• **Activity**:
Exactly reproduce the line containing "极目新闻记者注意到,从拦截坝" and all later lines to the end of the entries, leaving the pictures out of your copy.

• **Listed entries**:
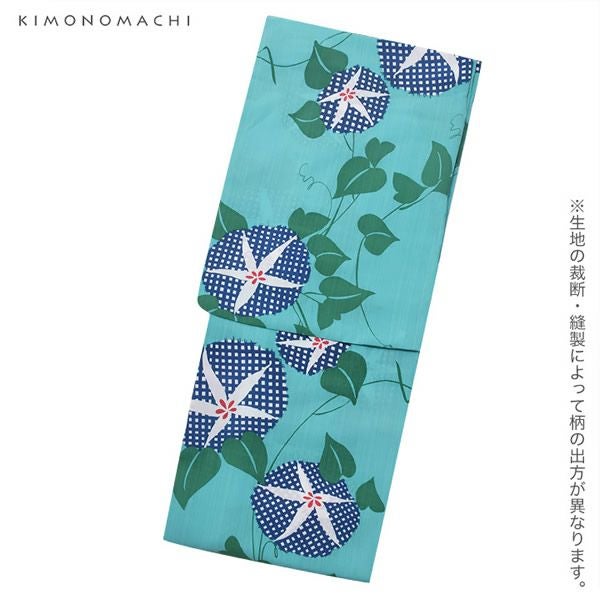 【カラー】浴衣はターコイズ系のグリーン地に、朝顔の花と葉と蔓模様がシンプルで可愛らしい雰囲気。帯はこっくりとした濃い赤色の色合い、猫模様。
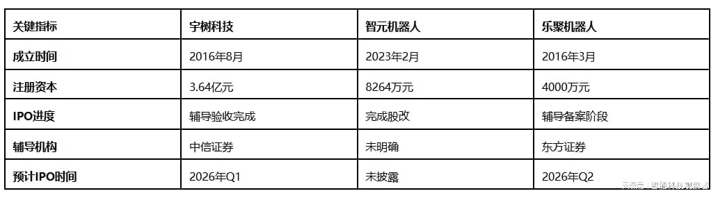 2025年以来,机器人赛道IPO进程明显加速,其中颇具代表性的是宇树科技、智元机器人与乐聚机器人。作为行业三大独角兽,这三家企业不仅是机器人赛道的现象级代表,更共同走到了资本化的最后冲刺阶段。
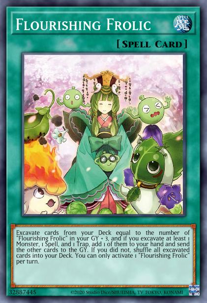 Excavate cards from your Deck equal to the number of “Flourishing Frolic” in your GY + 3, and if you excavate at least 1 Monster, 1 Spell, and 1 Trap, add 1 of them to your hand and send the other cards to the GY. If you did not, shuffle all excavated cards into your Deck. You can only activate 1 “Flourishing Frolic” per turn.
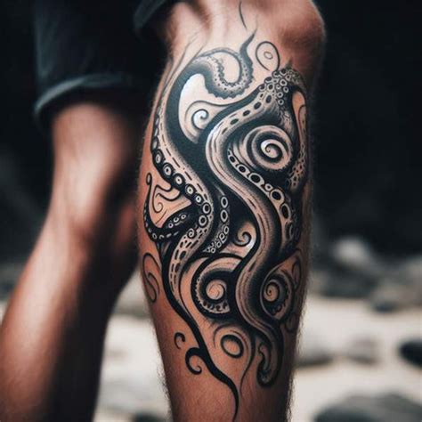 Black and grey octopus tattoo design for leg. 7 years ago 7 years ago. Octopus tattoos project the octopus reputation, in wildly realistic images that are drawn from shoulder to sholder, or entwined on the arm or the legs. The artist may apply it on the lower back with its tentacles wrapped around the hips to reach the spine or.
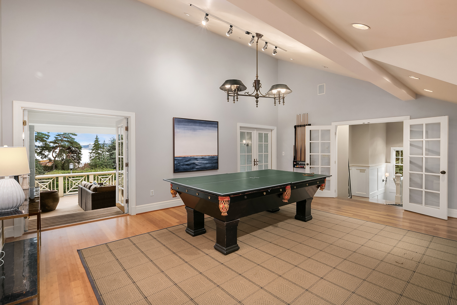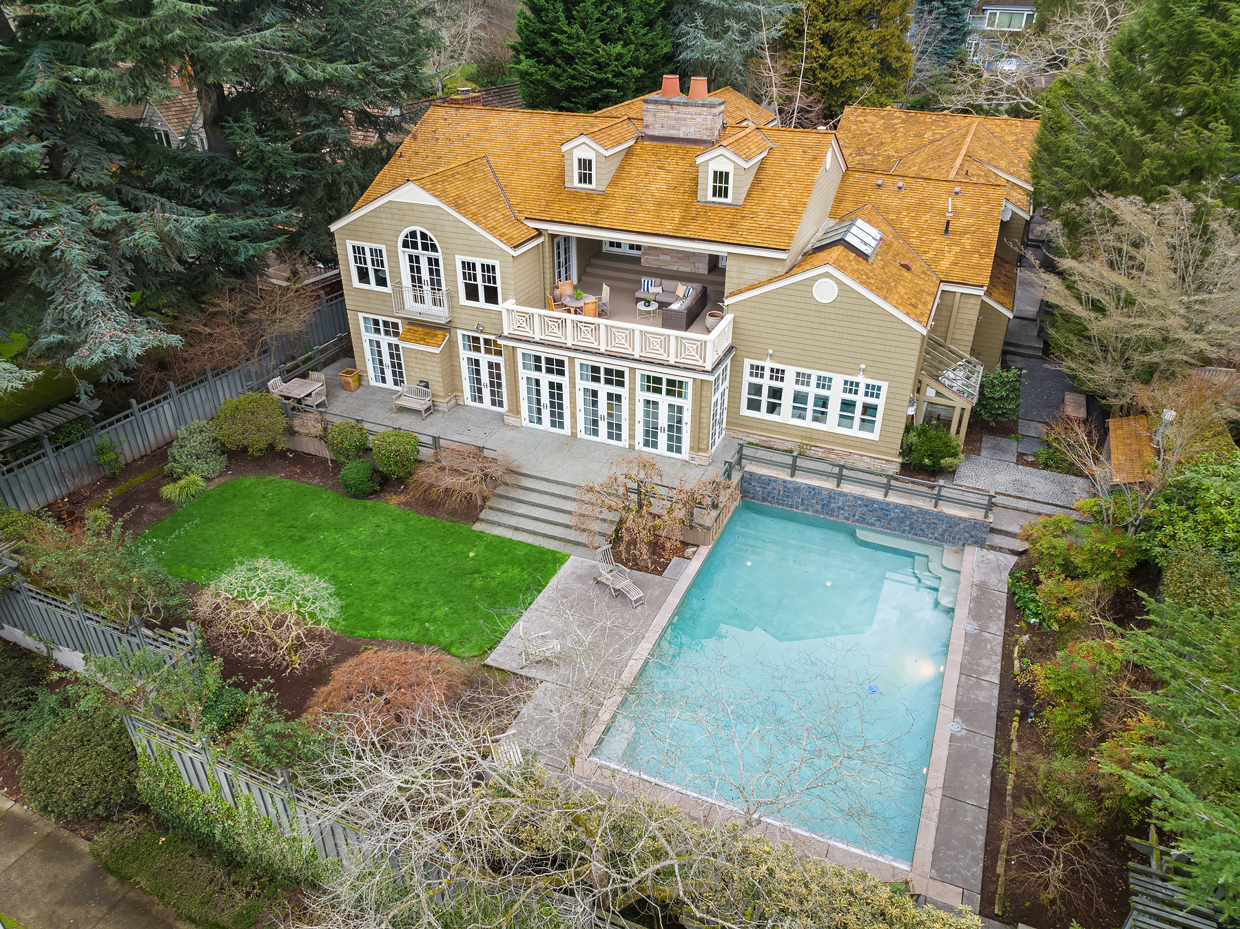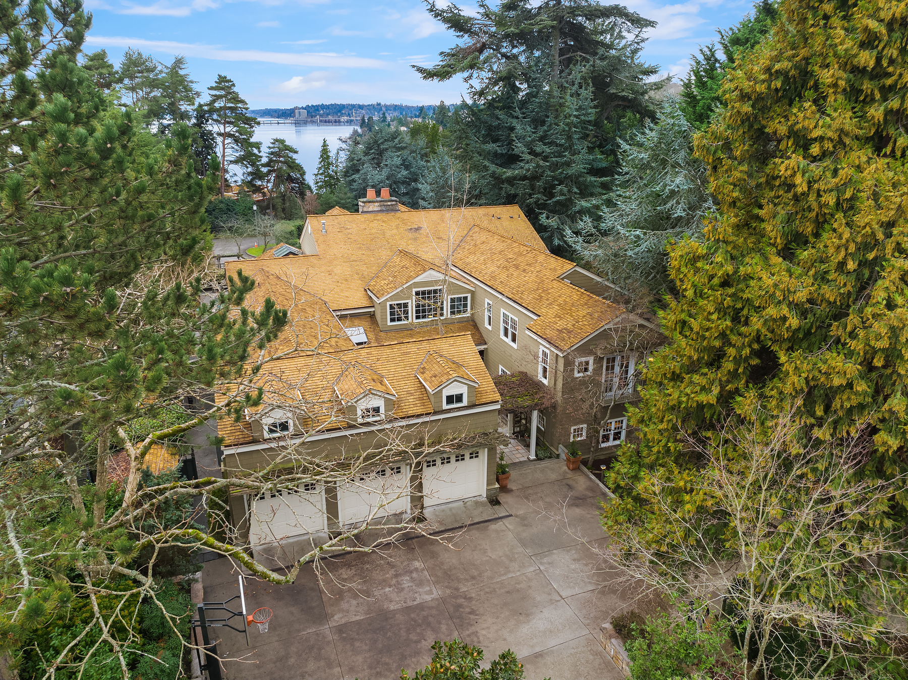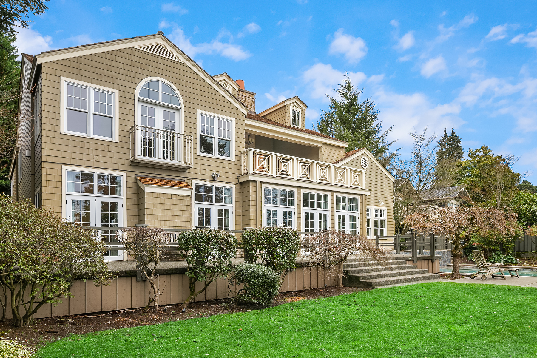 Majestic street to street Windermere home with restful views of Lake Washington. Stepping into the stone courtyard, you are encompassed by peaceful grandeur. The spacious formal living room and dining room blend seamlessly with the entertainment-sized kitchen and family room with a wall of french doors that leads to the lush fully fenced backyard and in-ground pool. The updated, bright kitchen features gorgeous granite counters, massive island, high end appliances, dual dishwashers and a butler's pantry. Main floor primary suite with exquisite bath, fireplace and french doors to the backyard patio. Upstairs, a dedicated media room and loft-style game room with pool table open to a covered view deck. Windermere Beach Club eligible!
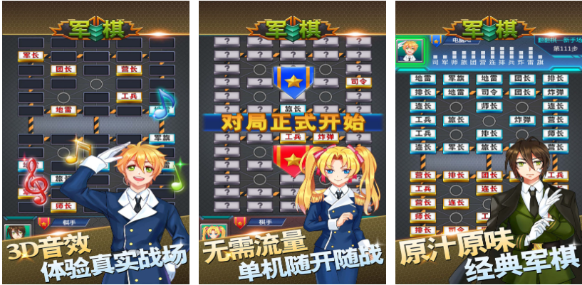 这是款专门给军事迷朋友装备的双人对弈类佳作,3D的音效和军事题材的背景塑造让人乐在其中,原汁原味的军棋玩法和独创的对弈机制也让玩家乐在其中,棋子上呈现的各种类型兵种给玩家普及了一些军队方面的知识,另类的对弈方式也让本作有别于其他棋类手游,现实中喜欢下军棋的玩家试试这款优异的对弈游戏吧。
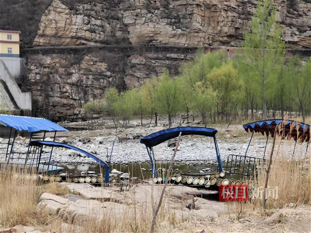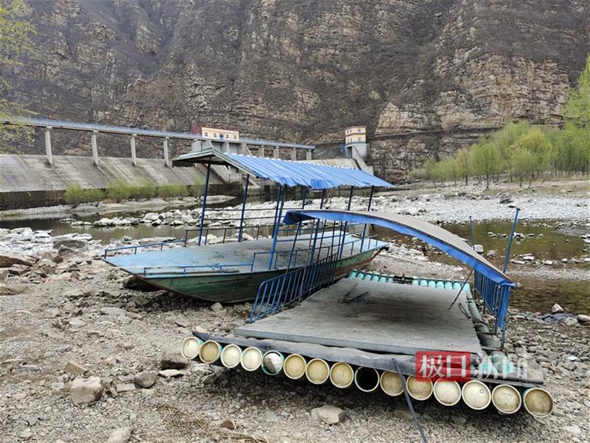 极目新闻记者注意到,从拦截坝向下游出发,沿路可见20多条游船停靠在岸边。游船主要有两种,一种是仿照竹筏造型的游船,船上有简单的船篷;另一种是铁皮船。
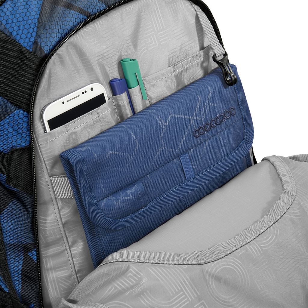 kapsa s organizérem na doklady, psací potřeby, karabinka na klíče a prostorná přední kapsa např. na svačinový box
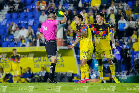 Ciudad de México, 7 de febrero de 2026. Brian Rodríguez en reclamo, durante el partido correspondiente a la jornada 5 del torneo Clausura 2026 de la Liga BBVA MX, entre las Águilas del América y los Rayados del Monterrey, realizado en el estadio Ciudad de los Deportes. Foto: Imago7/ Alexis Chavez
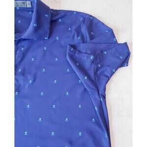G/FORE Polo Golf Shirt All Over Skull & Crossbones Print Mens Medium *Minor Flaw
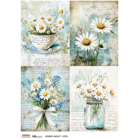 Reispapier Decoupage Bastelpapier A4 - Scraplove - Spring Daisy 1
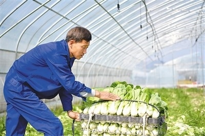 江西省上饒市鉛山縣通過“龍頭企業(yè)+村集體經(jīng)濟合作社+農(nóng)戶”模式,建設萬畝蔬菜基地,促進農(nóng)民增收。圖為3月6日,村民在鉛山縣永平鎮(zhèn)缸瓦窯萬畝蔬菜基地采收蔬菜。 丁銘華攝(人民視覺)
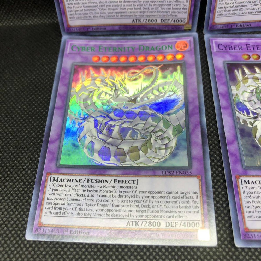 Item Title Yu-Gi-Oh! English Version Cyber Eternity Dragon Colorful Ultra Lds2-En033 1 Ea Payment Supports managed payments Please pay within 5 days after auction is finished. About Us We are located in Japan. It's our pleasure to make you happy by proposing our recommend item. If you have any questions or request about items, please feel free to ask us. International Buyers - Please Note: -Import duties, taxes, and charges are not included in the item price or shipping charges. These charges are the buyer's responsibility. -Please check with your country's customs office to determine what these additional costs will be prior to bidding/buying. -These charges are normally collected by the delivering freight (shipping) company or when you pick the item up - do not confuse them for additional shipping charges. -We do not mark merchandise values below value or mark items as - gifts - The US and International government regulations prohibit such behavior. Thank you for your understanding.
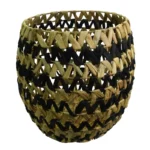 Canasto grande de 43x35cm, tejido a mano con fibra de bambú y base metálica, ideal para complementar la decoración de tus espacios. Su diseño listado en color café lo hace perfecto para cubrir macetas u organizar objetos.

• **Reply**:
 极目新闻记者注意到,从拦截坝向下游出发,沿路可见20多条游船停靠在岸边。游船主要有两种,一种是仿照竹筏造型的游船,船上有简单的船篷;另一种是铁皮船。
 kapsa s organizérem na doklady, psací potřeby, karabinka na klíče a prostorná přední kapsa např. na svačinový box
 Ciudad de México, 7 de febrero de 2026. Brian Rodríguez en reclamo, durante el partido correspondiente a la jornada 5 del torneo Clausura 2026 de la Liga BBVA MX, entre las Águilas del América y los Rayados del Monterrey, realizado en el estadio Ciudad de los Deportes. Foto: Imago7/ Alexis Chavez
G/FORE Polo Golf Shirt All Over Skull & Crossbones Print Mens Medium *Minor Flaw
 Reispapier Decoupage Bastelpapier A4 - Scraplove - Spring Daisy 1
 江西省上饒市鉛山縣通過“龍頭企業(yè)+村集體經(jīng)濟合作社+農(nóng)戶”模式,建設萬畝蔬菜基地,促進農(nóng)民增收。圖為3月6日,村民在鉛山縣永平鎮(zhèn)缸瓦窯萬畝蔬菜基地采收蔬菜。 丁銘華攝(人民視覺)
 Item Title Yu-Gi-Oh! English Version Cyber Eternity Dragon Colorful Ultra Lds2-En033 1 Ea Payment Supports managed payments Please pay within 5 days after auction is finished. About Us We are located in Japan. It's our pleasure to make you happy by proposing our recommend item. If you have any questions or request about items, please feel free to ask us. International Buyers - Please Note: -Import duties, taxes, and charges are not included in the item price or shipping charges. These charges are the buyer's responsibility. -Please check with your country's customs office to determine what these additional costs will be prior to bidding/buying. -These charges are normally collected by the delivering freight (shipping) company or when you pick the item up - do not confuse them for additional shipping charges. -We do not mark merchandise values below value or mark items as - gifts - The US and International government regulations prohibit such behavior. Thank you for your understanding.
 Canasto grande de 43x35cm, tejido a mano con fibra de bambú y base metálica, ideal para complementar la decoración de tus espacios. Su diseño listado en color café lo hace perfecto para cubrir macetas u organizar objetos.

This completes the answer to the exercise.